You may find that you have lots of content for one type of challenge.
However, there are other important segments, industries, or buyer roles you do not have content for. Or, you
might have a lot of content that's too generic and not specific enough to different personas. In the future, you can
target your content development to fill those gaps.
SLIDE Reference the buyer at least twice as much as you mention yourself.
This rule applies to company mentions, personal mentions, the word "I" and the word "you."
Express the goal you can help them with in three words or less.
Try to keep it below 30 characters, because if your email gets opened on a mobile device, your subject line's
going to get cut off at that point anyway.
SLIDE What if your company doesn't have much online content for you to share?
You have two choices here: find useful content or create your own.
SLIDE Your prospects are likely new to the goal or challenge they are facing.
They don't have your depth of experience in this area. They'll appreciate your help finding high-quality
educational content that's relevant to their situation.
SLIDE Determine which mediums you will use to reach out to each persona.
Phone? Email? In person? Social media?
SLIDE If you don’t connect on the first outreach, when will you try again?
Will you reach out the next day? Two days later? A week?
SLIDE Is there a specific order that your content should be shared in?
Does one piece of content build on the next? Make sure you're sending the content in an order that makes sense
and will deepen the prospect's understanding of the areas they've shown interest in.
SLIDE Connect on social media after you’ve shared valuable content with the buyer.
Make sure you've built up some trust and credibility with them first before attempting to strengthen the
relationship.
SLIDE An email template tool can help develop your persona templates.
Ideally, the folders in the email template tool can be organized around the various personas.
SLIDE A meeting scheduling tool can help you easily find a time for an exploratory call.
You don't want the difficulty of coordinating calendars to be the thing that kills a sales conversation.
SLIDE An email tool can help you set up a sequence and automated execution.
The tool should prompt you when an outreach is due or could even automate the next outreach for you, if it's
appropriate.
The last thing you do in the Connect Phase is prepare for the next phase.
Be ready to transition to the Explore Phase of your inbound sales strategy. The time will come to make this
transition, so you need to be ready for it.
SLIDE How do you know its time to enter the Explore Phase?
You'll know this has happened when they confirm they're interested in discussing a particular goal or challenge
with you.
Your prospect is ready to discuss their goal or challenge. At that point, you need to get buy-in.
At that point, you need to get buy-in for a longer exploratory conversation, which is the next phase of your
inbound sales strategy.
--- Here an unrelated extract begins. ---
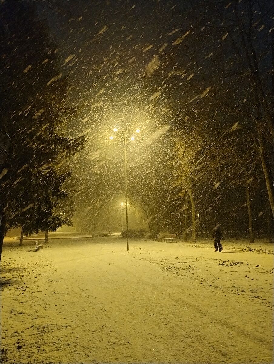 Была на улице. Снег жуткий, автор. От него слезятся глаза и он очень...странный, не падает, а кружит вихрем, как рой пчел, кружит кружит и уносится дальше, часть падает на землю.
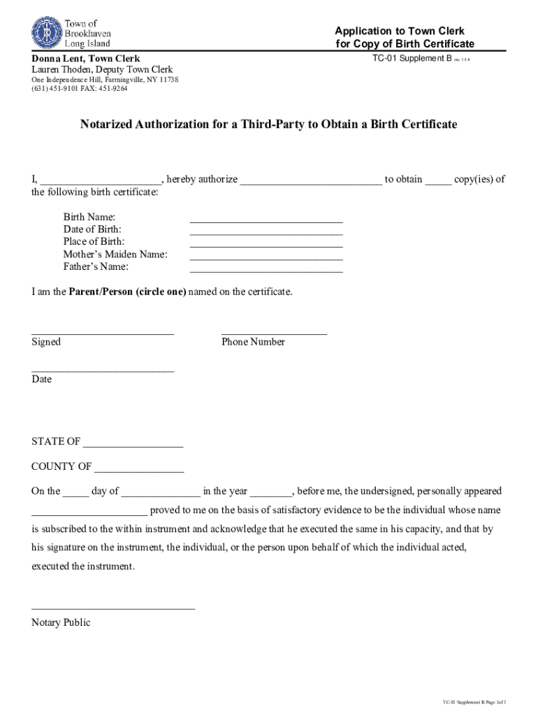 Application to Town Clerk for Copy of Birth Certificate Donna Lent, Town Clerk Lauren Tho den, Deputy Town ClerkTC01 Supplement B rev. 1/14One Independence Hill, Farmville, NY 11738 (631) 4519101

Here's what getting buy-in might sound like.
To sum up, connecting with your leads might take multiple attempts.
So, you need to keep finding helpful ways to reach out, use technology to automate certain parts of your outreach,
and always be ready to transition to the Explore Phase of your inbound strategy. Throughout it all, focus on being
helpful. If you can help your prospect get a little bit closer to achieving a goal or overcoming a challenge, they'll
reward you for it, and soon, you'll be headed into the Explore Phase of your inbound sales strategy.